Prepárate para correr temprano con nuestras 5 claves

Puede que tu próxima carrera te haga madrugar más de lo habitual, así que empieza a aplicar desde ya estos consejos para que todo salga rodado.
Cindy Kyzma -
Prepárate para correr temprano con nuestras 5 claves
Prepárate para correr temprano con nuestras 5 claves

Debido a que los directores de carrera tienen que hacer frente a un número cada vez mayor de corredores, lo que requiere cerrar al tráfico las calles durante más tiempo, las pruebas en ocasiones empiezan mucho antes del amanecer. Por ejemplo, el maratón y medio maratón de Walt Disney World comienza a las 5:30 de la madrugada, por lo que los corredores deben empezar a dirigirse a la línea de salida varias horas antes. De forma similar, el Maratón de Honolulú comienza a las 5:00 de la madrugada y los corredores cogen los autobuses que les llevan a la salida a las 2:00. Hay que prepararse a tiempo para vestirse y desayunar, y algunos corredores pueden tener que poner sus despertadores casi a la hora a la que suelen irse a dormir. A continuación, te enseñamos cómo prepararte para ello.

MODIFICA TU AGENDA

Calcula el número de horas de antelación con la que querrías acostarte antes de la carrera. A continuación, divide ese número entre siete. Por ejemplo, si sueles irte a dormir a las 23:00, y el día de la carrera quieres estar en la cama a las 20:00, divide la diferencia (180 minutos) entre siete. Una semana antes de la carrera, modifica tu horario de sueño según esa cantidad (en este ejemplo, 25 minutos), de modo que cada día te acuestes 25 minutos antes, para que la víspera de la competición te acuestes a la hora deseada. Esta táctica también sirve para los entrenamientos a una hora temprana los fines de semana. Simplemente tendrás que acostarte y levantarte un poco antes cada día de la semana para poder salir a correr superpronto el viernes o el sábado.

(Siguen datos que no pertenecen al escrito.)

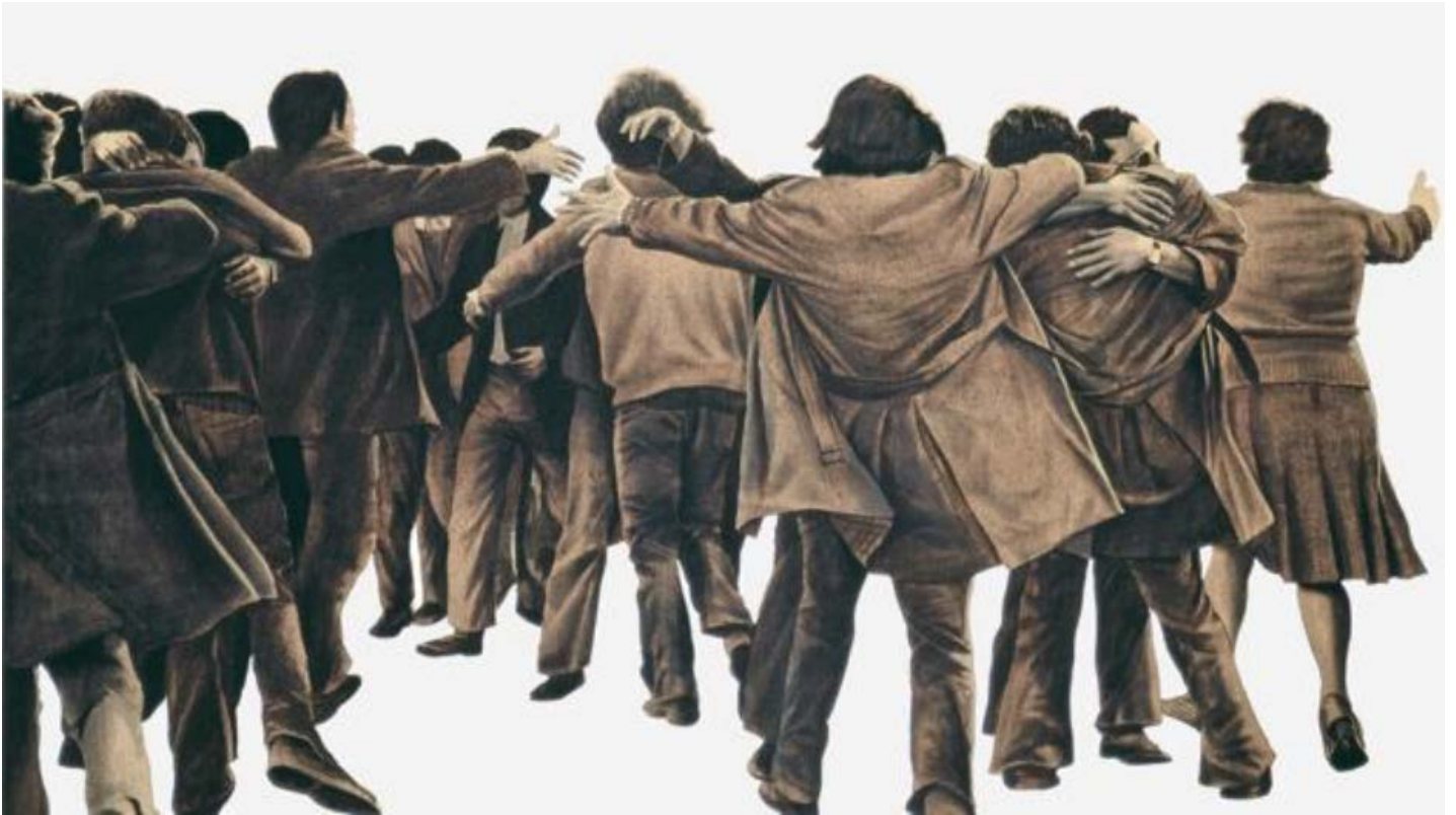
Juan Genovès El Abrazo
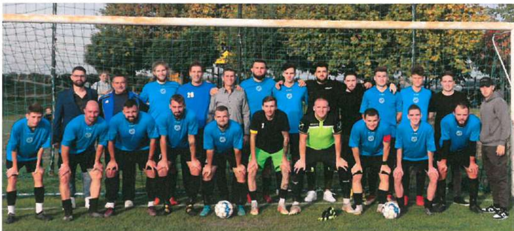
6. Kép: Felnőtt csapatunk az őszi, Dabas elleni győztes mérkőzést követően

Felnőtt csapataink kibővültek a Veterán korosztállyal , így a felnőtt futball után még három korosztályban (öregfiúk, Old boys és veterán) tudnak futballozni a kiöregedő játékosaink.
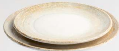
קדם צלחת הגשה
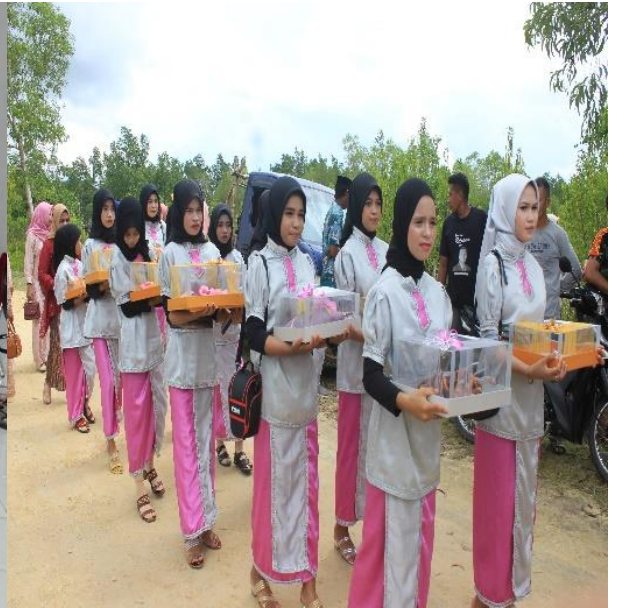
Doc. : Bawa Pinangan
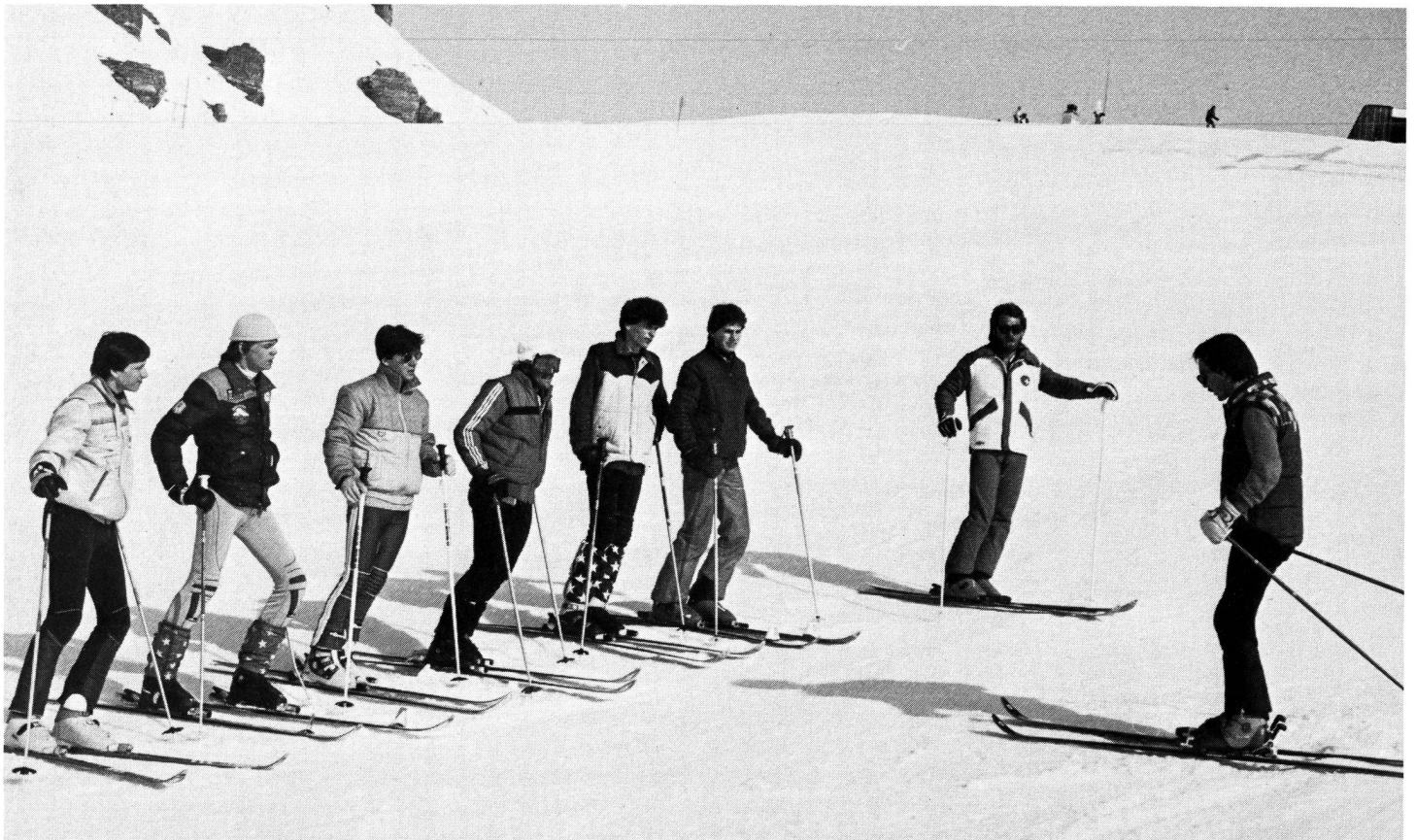
La théorie avant la pratique.

En fait, lors de telles réunions de formation, les enseignants doivent s'efforcer d'apporter – et les candidats moniteurs de recevoir – les éléments fondamentaux, d'ordre aussi bien socio-pédagogique que pratique, qui correspondent à ceux prônés par la « Conception Jeunesse + Sport » et qui sont, pour les premiers, de ne pas oublier qu'ils ont à préparer des meneurs d'hommes (les seconds) capables non seulement d'encadrer, mais d'animer, d'enthousiasmer une jeunesse qui, à l'âge qu'elle a, n'attend qu'un signe de motivation suffisamment convaincant pour se laisser entraîner dans le sillage d'un chef de file. « Le dynamisme de J + S dépend de l'esprit et des qualités de ses moniteurs. » Or, les qualités se cultivent pour mieux éclore et l'esprit s'acquiert et se développe pour mieux se répandre. ■
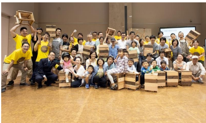
▲椅子制作のワークショップの様子
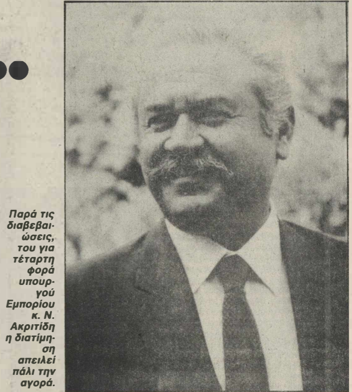
Παρά τις διαβεβαιώσεις, του για τέταρτη φορά υπουργού κ. Ν. Ακριτιδίδη η διατίμηση απειλεί πάλι την αγορά.

εφαρμόζει «σκιώθηκαν» οπωσδήποτε από την έμμση αλλά σαφέστατη προειδοποίηση ότι όλα αυτά ισχύουν υπό την προϋπόθεση ότι θα υπάρχει ομαλότητα στην αγορά. Αυτή η διευκρίνιση σημαίνει πρακτικά ότι όσες κατηγορίες προϊόντων «εφευδύνονται» από τις συμφωνίες, θα αντιμετωπίσουν τον κίνδυνο υπαγωγής στη διατίμηση. Πρόκειται οπωσδήποτε για μια απειλή, η οποία προκύπτει από την πρώτη στιγμή επιφυλάξεις, οι οποίες ενισχύονται και από το «παρελθόν» του κ. Ακριτιδίδη, που είναι γεμάτο συγκρούσεις και αντιθέσεις με τις παραγωγικές τάξεις. Τα ερωτήματα λοιπόν που δημιουργούνται και θέλουν απάντηση είναι:
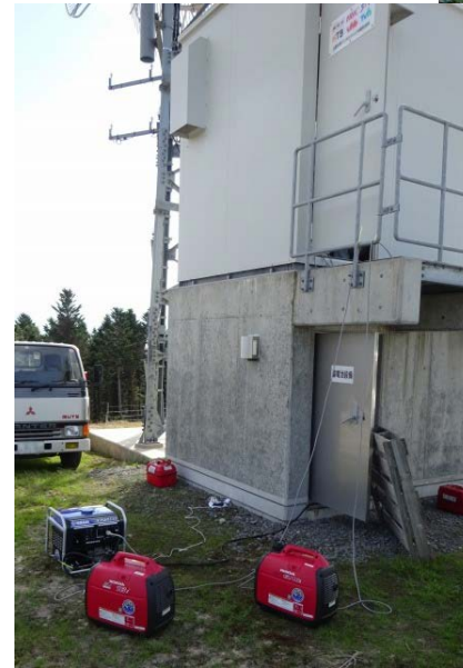
複数の発電機を使用
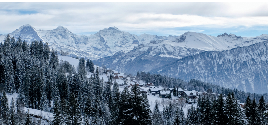
Die Häuser von Waldegg, dem Ziel der Wanderung.

www.hotelrestaurantreginabeatenberg.com/
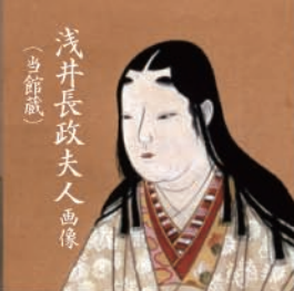
浅井長政夫人画像 (当館蔵)
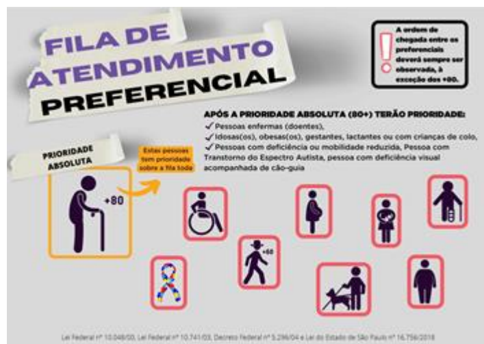
Figura 6: Panfleto com a fila de atendimento preferencial (reduzido)

De modo a permitir que o panfleto seja utilizado em diferentes situações que não seja no dia da votação, foi desenvolvida versão reduzida, sem as orientações específicas para as eleições.
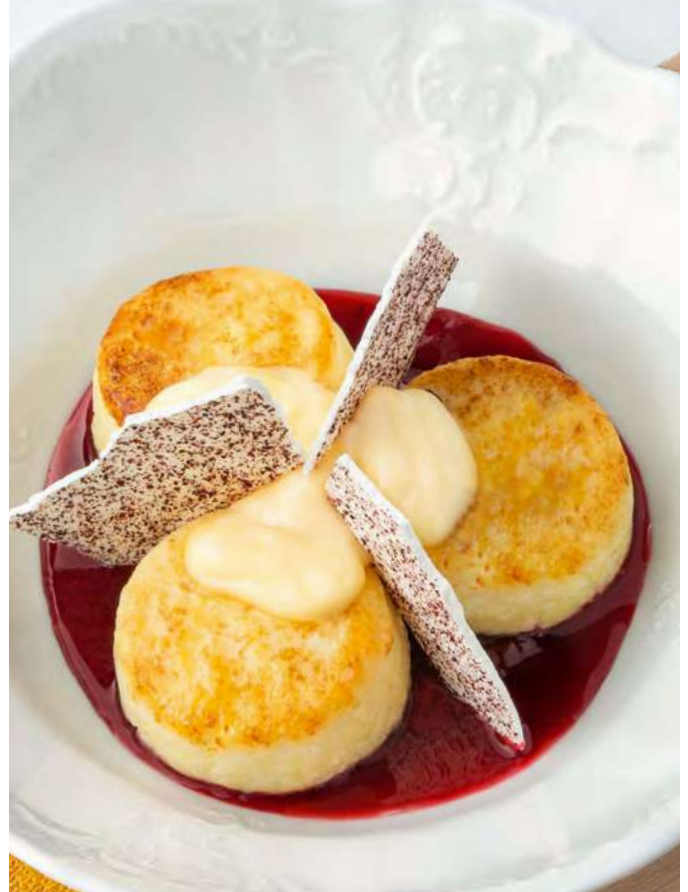
Сырники с вишнёвым конфи и ванильным соусом Cheese pancakes with cherry confit and vanilla sauce 550
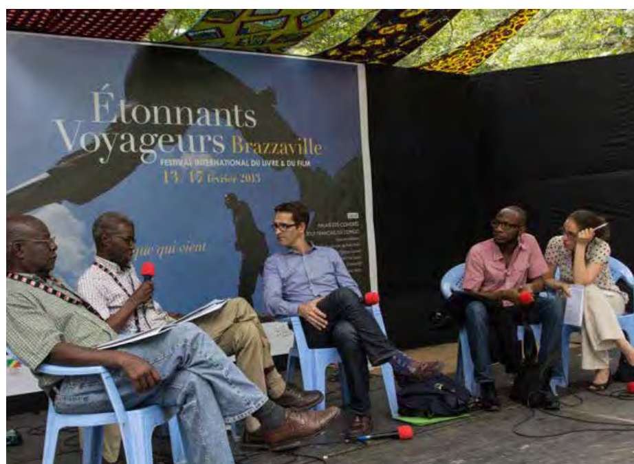
Débat «Afrique-Amérique» à Brazzaville en 2013.
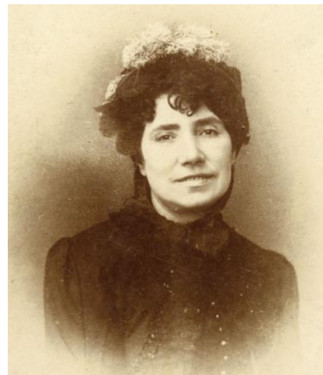
Rosalía de Castro

Desde 1859, año en el que publica la novela La hija del mar , Rosalía vive habitualmente en Santiago de Compostela. Allí verán la luz, sucesivamente, la novela Flavio (1861) los poemas en Álbum de la caridad (1862), y los libros A mi madre (1863) y Cantares gallegos (1863), obra fundamental de la historia de la literatura de Galicia y cuya fecha de publicación fue es-
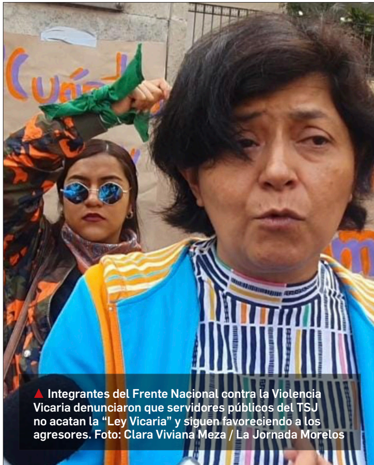
▲ Integrantes del Frente Nacional contra la Violencia Vicaria denunciaron que servidores públicos del TSJ no acatan la "Ley Vicaria" y siguen favoreciendo a los agresores.
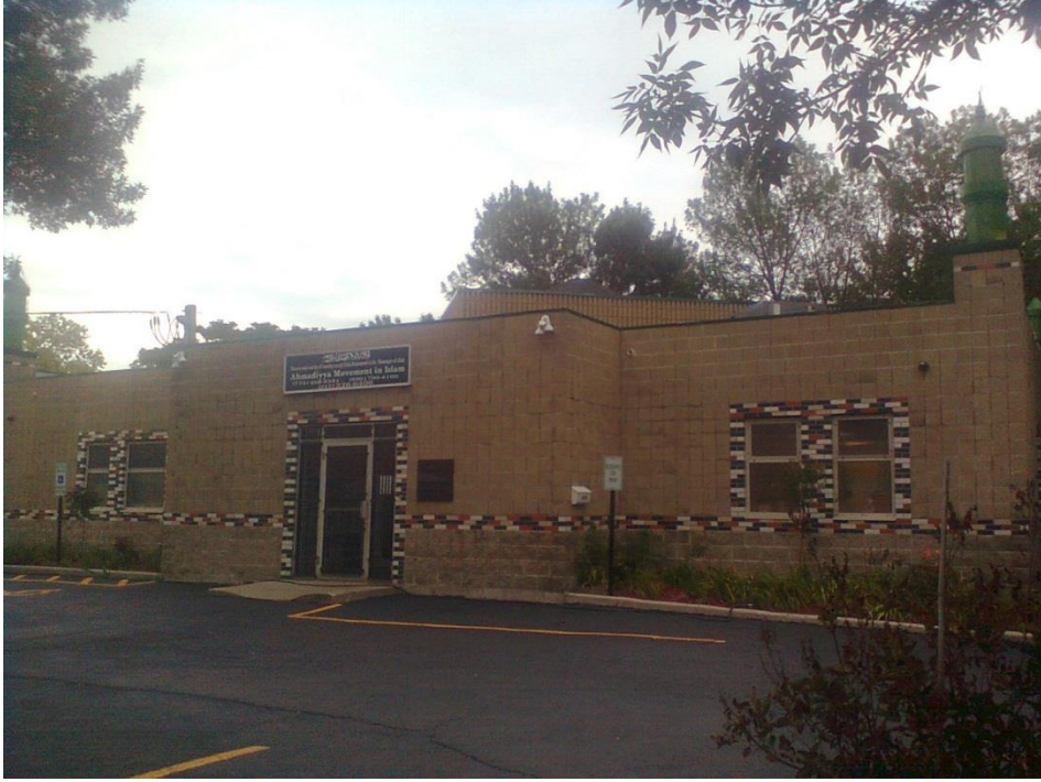
Chicago Ahmadiyya Mescidinin ön cephesi.
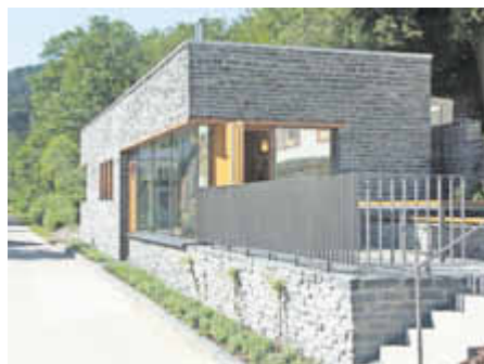
Die Tourist-Information in Ruwertal von den Architekten Stein Hemmes Wirtz aus Kasel: modern und regionaltypisch ohne Denkmaltümelei.

Im Juni 2013 zeigte eine Ausstellung mit Vorträgen zur regionalen Baukultur in den Viehmarktthemen in Trier ausgewählte Projekte in einer Vorschau. Im Rahmen der „woche der baukultur“ fin-
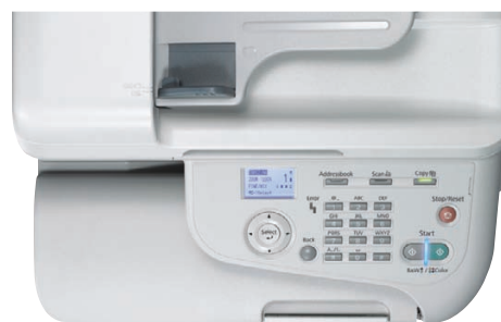
I comandi, chiari e accessibili, rendono la serie Epson AcuLaser CX37DN semplice e intuitiva.
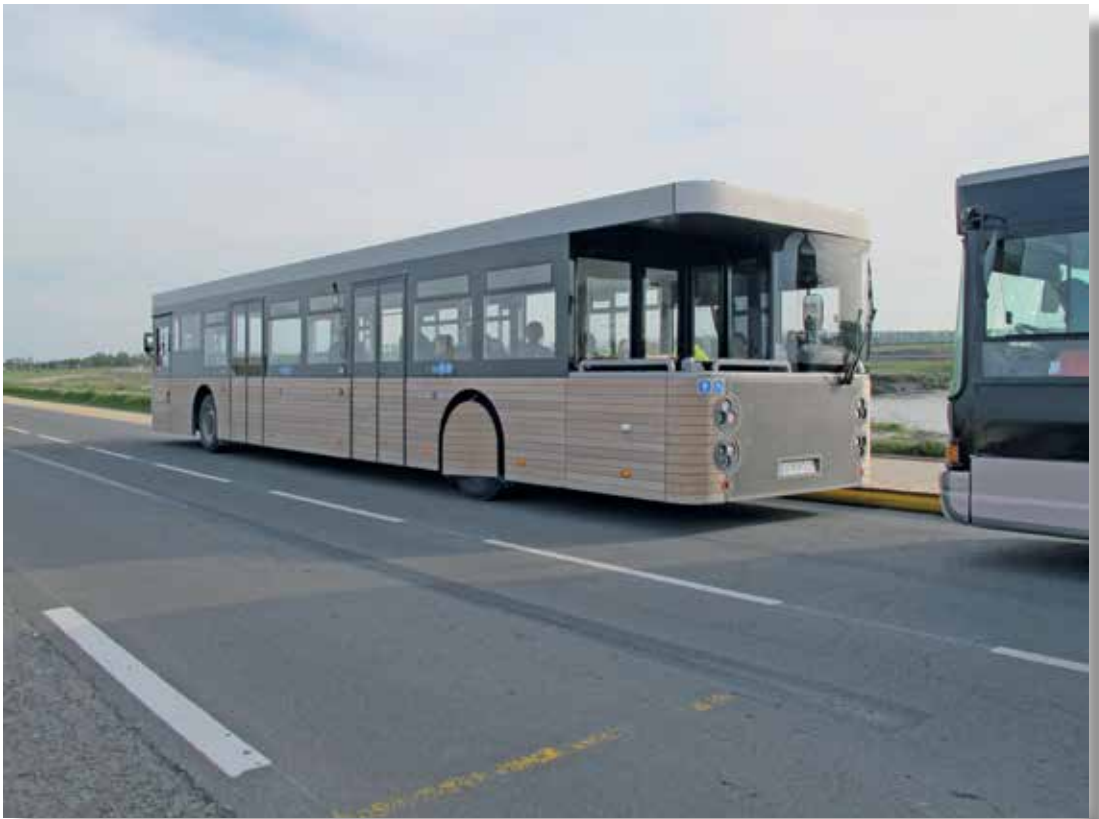
Ohjaamo bussin molemmissa päissä

Tällä Normandian alueella on erittäin suuri vuorovesivaihtelu. Laskuveden aikaan laskuvesialueelle tehdään opastettuja retkiä joko paljain jaloin tai hevosilla, oppaalla usein repussa ranskalaiseen tapaan patonkeja. Muuten saaren lähiympäristö on rauhoitettu autoliikenteeltä ja pysäköintipaikat sijaitsevatkin muutaman kilometrin päässä. Vierailijat kuljetetaan saarelle linja-autoilla, joissa on ohjaamo molemmissa päissä autoa. Näinollen ei bussi tarvitse suurta tilaa kääntyäkseen, vaan kuljettaja vain siirtyy toiseen päähän autoa ja lähtee toiseen suuntaan.
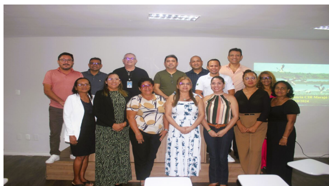
CIR Marajó I

Cobertura da reunião ordinária da Comissão Intergestores Regional (CIR) do Marajó I, na sede do COSEMS/PA.
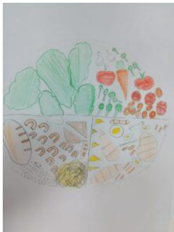
a) b) Slika 10. a) i b) Prikaz rada učenika: zdrav tanjur

Ovisnost je veliki problem mladih i odraslih. Ovisnost nije nešto što se događa tek u srednjoj školi, ona se događa sada i svagdje i u ranoj dječjoj dobi. Mjesec borbe protiv ovisnosti svake se godine obilježava u razdoblju od 15. studenog do 15. prosinca. Cilj obilježavanja borbe protiv ovisnosti je upozoriti javnost na probleme ovisnosti kod svih uzrasta djece i mladih. Povodom obilježavanja Mjeseca borbe protiv ovisnosti, Povjerenstvo za suzbijanje zlouporabe opojnih droga i ovisnosti Vukovarsko-srijemske županije organiziralo je likovni natječaj za učenike osnovnih škola na temu preventivnih poruka, te su izabrani najbolji uradci koji su izloženi u Gradskoj knjižnici i čitaonici Vinkovci. Tijekom sata razrednika učenici su svoje poruke prenijeli na papir. Jedan rad po razredu šalje se na natječaj. Unutar razreda izabran je jedan rad i poslan. Na ponos cijelog razreda baš taj rad naše učenice izabran je kao najbolji i nagrađen. Sam rad šalje jasnu poruku (slika 11).
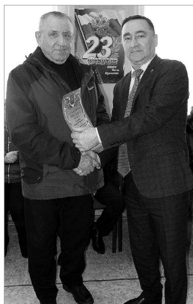
Благодарность за добрые дела
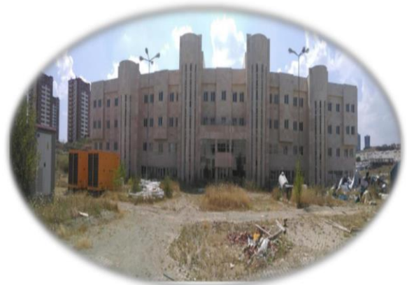
Resim 20- Hastane Binası Görünüm
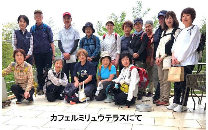
カフェルミリュウテラスにて

リーダー記 ：プチハイキングとアフタヌーンティーをテーマにしたウォーキングは、女性を中心に会員の皆さんには喜ばれたようで、募集開始の当日夕方には定員締め切りとなり、追加募集で2回目も実施してあわせて36名が参加しました。近ごろ「ヌン活」と称してホテルやカフェを次々に訪ねてアフタヌーンティーを楽しむ活動がはやっているそうです(笑)。一回目は思いがけず MOKICHI 鎌倉がクローズとか、二回目は前日の長雨で大仏坂切通は中止とか、予定通りにいかないこともありましたが、参加者の皆さんが心から楽しんでいただいていたのが何よりよかったです。<脇坂>

PRUEBA A USAR ALGUNA SUSTANCIA QUE AYUDE A DORMIR

Si has viajado cruzando varias zonas horarias, puede que sincronizar tus biorritmos con los horarios locales suponga una dificultad adicional. Tomar 1 miligramo de melatonina 30-60 minutos antes de acostarte puede ayudar a ajustar tu nuevo horario de sueño. Practica esto durante los entrenamientos y, por supuesto, nunca tomes un suplemento nuevo justo antes de una carrera.

HAZ LA CARGA DE CARBOHIDRATOS CON PASTA Y EVITA SUSTANCIAS PERJUDICIALES

Reducir o eliminar el alcohol y la cafeína durante, al menos, las dos noches previas a una carrera favorecerá que duermas mejor y de un modo bastante más reparador.

ACTÍVATE

Si pasas una noche de insomnio antes de la carrera, es seguro tomar cafeína por la mañana (siempre y cuando la hayas usado durante los entrenamientos y puedas tolerarla). No sólo te ayudará a estar despierto, sino que también mejorará tu rendimiento.

NO TE PREOCUPES

Recuerda que tan sólo una noche de insomnio quizá no te perjudique durante la carrera. La gente se preocupa por el hecho de no dormir y esto, a su vez, empeora las cosas. Si los corredores sufren demasiado pensando que un sueño inadecuado perjudicará su rendimiento, convertirán un problema leve en uno más grave.